JPH02100718A - Program area determination system - Google Patents

Abstract

PURPOSE:To utilize the storage area of a main storage device effectively by obtaining the best storage capacity according to execution information in the case that a load module is executed actually. CONSTITUTION:An execution information gathering means 100 gathers the execution information indicating storage capacity occupied in a main storage device 2 when the load module LM is executed. An execution information storage means 200 stores and holds the execution information that the execution information gathering means 100 every time the load module LM is executed repeatedly. An execution information analyzing means 300 analyzes pieces of execution information held in the execution information storage means 200 to calculate the best storage capacity of a program area AL to be secured in the main storage device 2 so as to execute the load module M. Consequently, the best storage capacity is obtained according to the execution information when the load module is executed actually, so the necessary and sufficient program area is secured to utilize the storage area of the main device effectively.

Description

[Detailed Description of the Invention] [Summary] In an information processing system that stores and executes a load module generated by translating a source program into machine language in the main memory, the program area to be secured in the main memory is Regarding the program area determination method for optimization, the purpose is to secure the optimal program area according to the actual execution state. an execution information collection means for collecting information; an execution information storage means for accumulating and holding execution information collected by the execution information collection means each time a load module is repeatedly executed; and a plurality of execution information stored in the execution information storage means. In order to analyze the information and execute the load module,
Optimum storage capacity for program area that should be secured in main memory ■
and an execution information analysis means for calculating the execution information.

[Industrial application field]

The present invention relates to an information processing system, and in particular to optimization of a program area to be secured in a main memory when a load module generated by translating a source program into machine language is stored in the main memory and executed. This invention relates to a program area determination method that aims to achieve this.

A load module generated by an information processing system by translating a source program into machine language usually consists of multiple partial modules. The partial module is stored in a pre-secured program area of the main memory.

Since it is necessary to store various data in the main memory in addition to the load module, it is recommended that the storage capacity of the program area reserved for executing the load module be optimized as much as possible. This is necessary to effectively utilize the storage area of the device.

[Prior Art] As this type of program area determination method, for example, the invention “
``Divided Compilation Execution Data Management System'' (Japanese Patent Application No. 62-279504) was filed on November 5, 1988, and FIG. 3 shows an example of the conventional program area determination method. FIG. 2 is a diagram illustrating an example of a "divided compilation method for managing data for execution." FIG.

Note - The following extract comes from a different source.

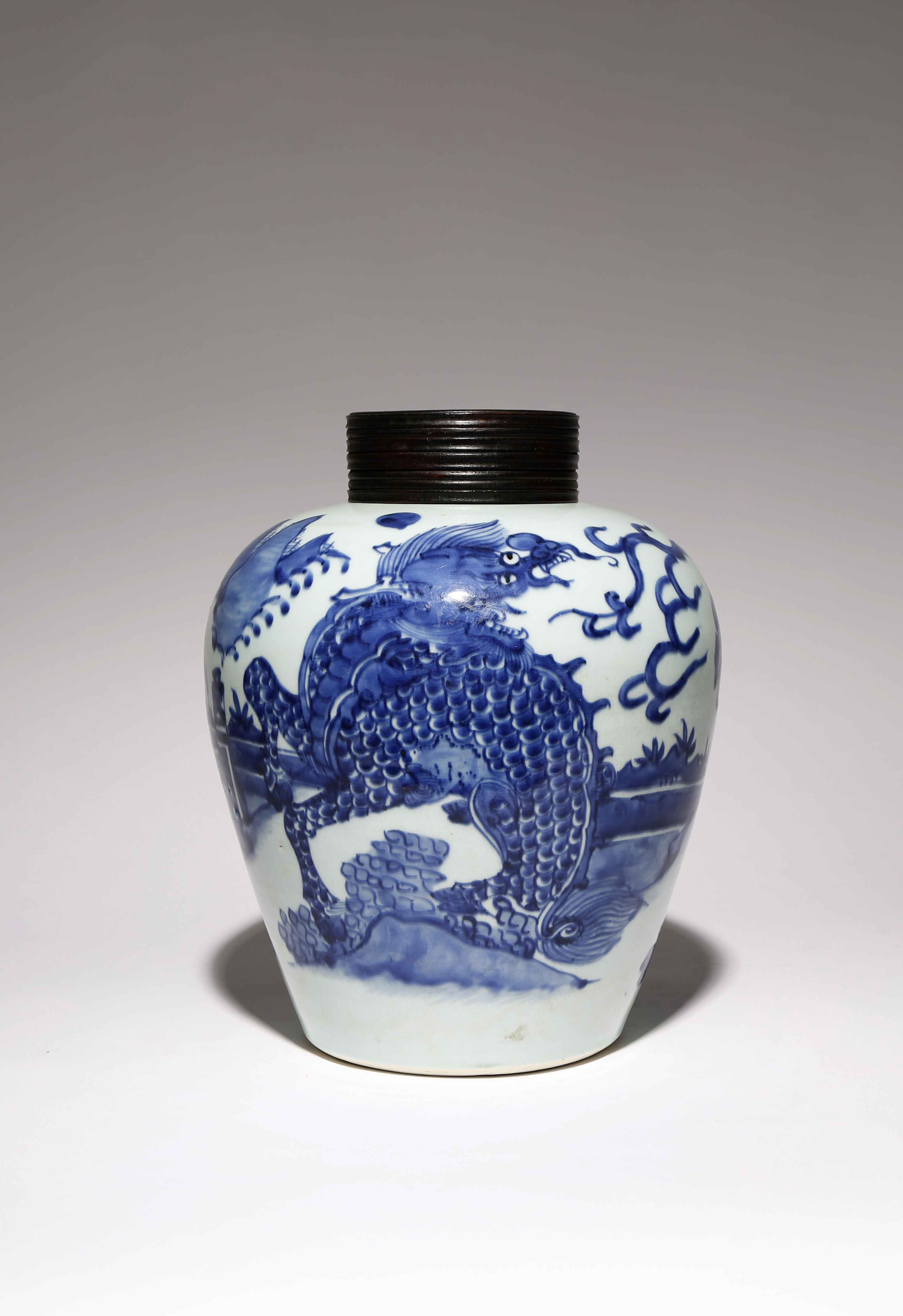 A CHINESE BLUE AND WHITE OVOID 'QILIN' VASE

In FIG. 3, when the program translator icoM translates a source program SP consisting of partial programs SU 1.5tJ2 and SU3 into a machine language program MP, each partial program SU 1, SU2, and SU 3 is translated into a machine language program MP. The storage capacity required to store machine language program units MUI, MU2, and MU, 3, which are generated by individually translating (referred to as the stack size in ``2009'') are summed up by taking into account the mutual reference relationship when each machine language program unit MUI, MtJ2, and MU3 are executed, and the total machine language program M
The storage capacity required when executing P is statically calculated.

In FIG. 3, the partial program SUI is block A
(stack size XI) and B (stack size X2)
), and the partial program S [J2 is block C
Consists of only (stack size
block D refers to block C,
Furthermore, in plot C, when referring to blocks A and B, the storage capacity N (stack size) of the entire machine language program MP is calculated as (X4+X3+max(XI X2)).

[Problem to be solved by the invention]

As is clear from the above explanation, in the conventional program area determination method, when the program translator COM translates the source program SP into the machine language program MP,
It was calculated statically from the storage capacity and reference relationships of each partial program unit.

However, the mutual reference relationship between each partial program unit is falsified by the condition data input by the user during execution, and when calculating execution information, the partial program unit that is supposed to be referenced is not referenced by the condition data consisting of it. In some cases, depending on the condition data 2. However, there was a problem in that it was difficult to say that the storage capacity calculated conventionally was optimal.

An object of the present invention is to secure an optimal program area in accordance with the actual execution state.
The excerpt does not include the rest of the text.